• [Provided records]
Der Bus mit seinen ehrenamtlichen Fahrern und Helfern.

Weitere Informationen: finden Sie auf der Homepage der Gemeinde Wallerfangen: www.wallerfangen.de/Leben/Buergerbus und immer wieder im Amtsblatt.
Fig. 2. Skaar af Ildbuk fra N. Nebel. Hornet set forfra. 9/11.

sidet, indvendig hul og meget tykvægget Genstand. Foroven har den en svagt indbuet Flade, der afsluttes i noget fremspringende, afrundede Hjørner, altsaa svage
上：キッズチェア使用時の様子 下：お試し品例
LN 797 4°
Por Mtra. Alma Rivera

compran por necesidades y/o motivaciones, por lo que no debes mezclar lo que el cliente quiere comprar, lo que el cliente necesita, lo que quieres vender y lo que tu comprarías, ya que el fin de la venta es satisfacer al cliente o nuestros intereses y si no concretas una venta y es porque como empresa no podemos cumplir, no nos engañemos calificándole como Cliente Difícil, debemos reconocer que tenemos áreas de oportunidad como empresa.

--

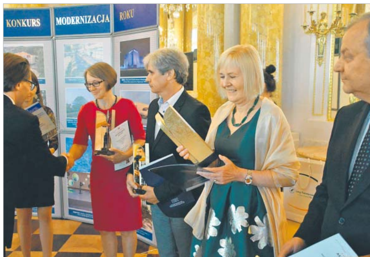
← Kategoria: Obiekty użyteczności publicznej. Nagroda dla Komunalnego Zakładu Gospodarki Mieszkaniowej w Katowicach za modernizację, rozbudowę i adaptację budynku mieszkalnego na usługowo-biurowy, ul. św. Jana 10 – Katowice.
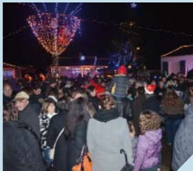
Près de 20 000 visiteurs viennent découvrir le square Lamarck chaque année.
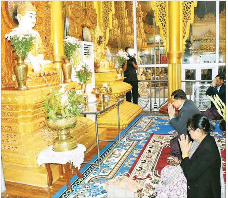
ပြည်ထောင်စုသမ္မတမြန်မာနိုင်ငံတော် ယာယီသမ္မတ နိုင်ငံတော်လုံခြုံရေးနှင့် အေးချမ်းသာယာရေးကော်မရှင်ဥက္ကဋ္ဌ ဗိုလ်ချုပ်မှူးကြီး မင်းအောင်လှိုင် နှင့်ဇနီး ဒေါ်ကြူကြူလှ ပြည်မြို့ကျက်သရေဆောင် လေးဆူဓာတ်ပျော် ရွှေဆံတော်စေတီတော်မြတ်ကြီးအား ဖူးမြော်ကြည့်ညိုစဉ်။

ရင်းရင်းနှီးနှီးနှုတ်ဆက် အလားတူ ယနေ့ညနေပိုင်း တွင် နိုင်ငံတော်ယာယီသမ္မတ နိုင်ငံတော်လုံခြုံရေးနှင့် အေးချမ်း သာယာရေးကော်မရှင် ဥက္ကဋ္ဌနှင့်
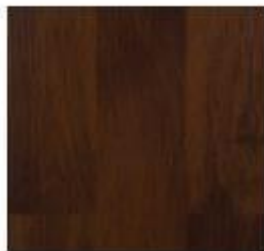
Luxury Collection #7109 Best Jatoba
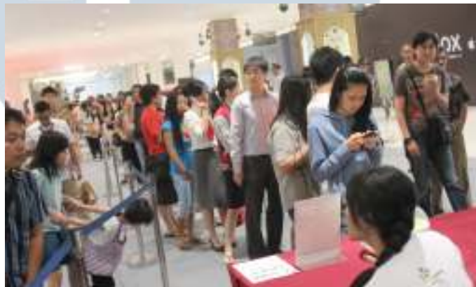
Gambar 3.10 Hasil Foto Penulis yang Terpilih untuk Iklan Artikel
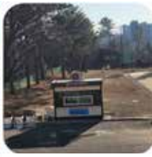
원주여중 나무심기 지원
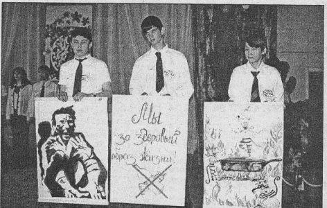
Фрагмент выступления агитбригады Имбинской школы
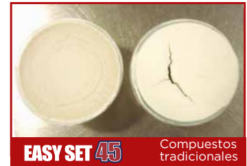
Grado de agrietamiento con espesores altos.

* * *

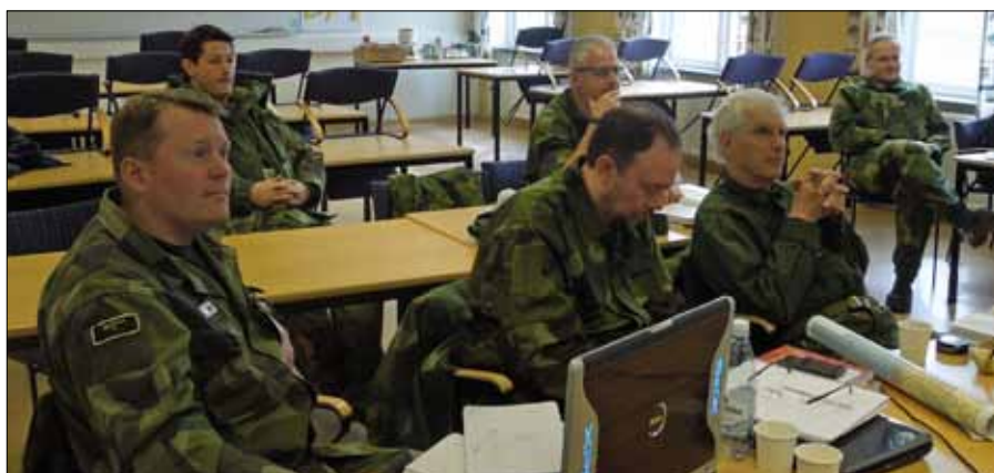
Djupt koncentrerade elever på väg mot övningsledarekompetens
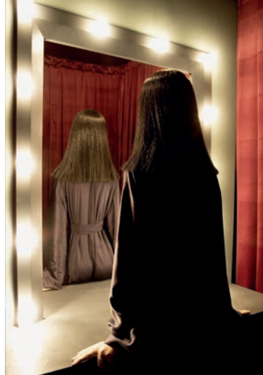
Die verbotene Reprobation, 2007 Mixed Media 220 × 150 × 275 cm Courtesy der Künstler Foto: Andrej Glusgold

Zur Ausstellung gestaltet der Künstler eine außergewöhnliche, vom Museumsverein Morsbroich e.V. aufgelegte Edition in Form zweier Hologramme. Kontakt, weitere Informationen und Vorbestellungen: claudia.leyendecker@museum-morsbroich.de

• [What this task involves]
Repeat, exactly as they stand above, the lines from the line with "Der Bus mit" to the line with "Por Mtra. Alma Rivera", both lines included.

• [Written solution]
Der Bus mit seinen ehrenamtlichen Fahrern und Helfern.

Weitere Informationen: finden Sie auf der Homepage der Gemeinde Wallerfangen: www.wallerfangen.de/Leben/Buergerbus und immer wieder im Amtsblatt.
Fig. 2. Skaar af Ildbuk fra N. Nebel. Hornet set forfra. 9/11.

sidet, indvendig hul og meget tykvægget Genstand. Foroven har den en svagt indbuet Flade, der afsluttes i noget fremspringende, afrundede Hjørner, altsaa svage
上：キッズチェア使用時の様子 下：お試し品例
LN 797 4°
Por Mtra. Alma Rivera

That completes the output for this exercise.